Die Vfn. zeichnet solche Schulfeiern in der »Reformphase (1812–1846)«, »zwischen partikularer und nationaler Bedeutung (1848–1868)« und »im Kaiserreich« in den jeweiligen bildungspolitischen, nationalpolitischen, kulturell-religiösen und wirtschaftlichen Kontext ein. Dabei orientiert sie sich an »Leitfragen« nach dem Einfluss der Kontexte, nach dem Anlass der Feiern, nach dem, was da »in den Reden als Sinnreservoiren kommuniziert« wurde, und nach der gesellschaftlichen Bedeutung dieser schulischen Festkultur. Mit einigen Ausblicken auf andere Schulen konzentriert sie sich auf die Fürsten- und Landesschule St. Afra in Meißen, die Nikolaischule in Leipzig und das Albertinum in Freiberg. Als Quellen dienen ihr Schulprogramme, Jahresberichte der Rektoren, Festschriften, besonders Festreden bei Jubiläen (Reformation, Völkerschlacht bei Leipzig, Geburtstage von Fürsten), aus denen sie »Genese und Verlauf ausgewählter Feiern« rekonstruiert und das sich darin ausdrückende »Geschichtsbewusstsein« erhebt. In all diesen Texten wird das Bestreben erkennbar, den Adressaten »Symbol- und Identifikationsfiguren« vor Augen zu stellen und so auf ihre »Selbstkonzepte« einzuwirken.

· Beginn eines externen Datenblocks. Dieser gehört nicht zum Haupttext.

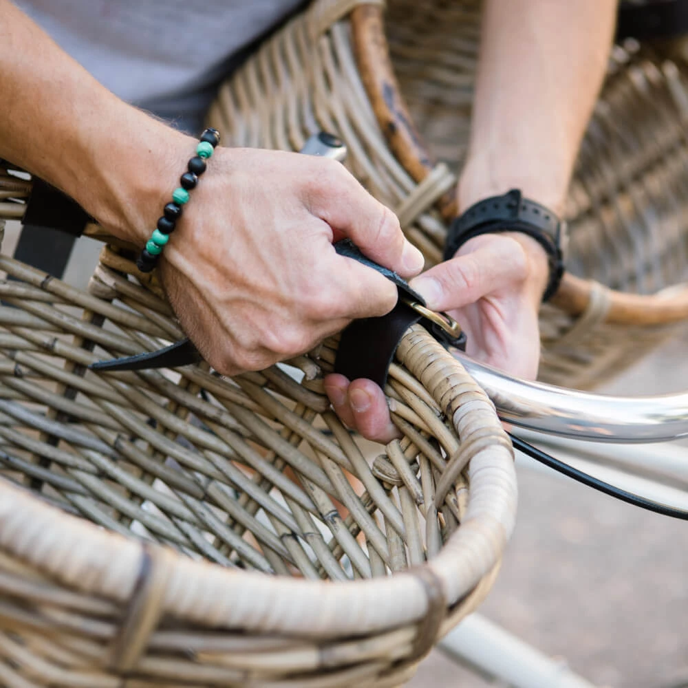 - Крепится на руль при помощи двух кожаных ремешков

Die Vfn. unterscheidet vier Typen von Schulfeiern: Die Repräsentationsfeier dient der »Selbstdarstellung, Selbstthematisierung und Selbstrechtfertigung« der Schule, die Gesinnungsfeier, etwa am Geburtstag des Herrschers, der Stärkung einer monarchistischen Haltung. Bei der Tugendfeier gedenkt man religiöser und kultureller Vorbilder wie Luther, Melanchthon, Goethe und Schiller. Die Ereignisfeier erinnert an wichtige Geschehnisse der nationalen Geschichte wie die Reformation, die Völkerschlacht bei Leipzig oder später die Schlacht von Sedan. Die Festreden spiegeln Wandlungen der politischen Situation und des Bildungskonzeptes und lassen das Bestreben erkennen, nicht nur Ereignisse und Gestalten der deutschen Geschichte, sondern auch Glaubensinhalte für die Erzeugung bürgerlich-politischer Haltungen zu nutzen. In den Festreden drücken sich Einstellungen der Lehrer aus, wie sie wohl auch weithin den Unterricht bestimmten. Die Mentalität einer wichtigen Gruppe des deutschen Bildungsbürgertums im 19. Jh., der Gymnasialprofessoren, wird in das soziale, politische, wirtschaftliche, kulturelle und religiöse Kräftefeld des deutschen Kleinstaates Sachsen eingezeichnet. Das Buch, das auf sorgfältiger Ar­-chivarbeit und Literaturauswertung basiert, breitet vor dem Leser eine Fülle von Einzelheiten und Zusammenhängen aus. Um die inkulturierende Wirkung der geschilderten Rituale zu illustrieren, hätten vielleicht auch autobiographische Zeugnisse ehemaliger Schüler herangezogen werden können.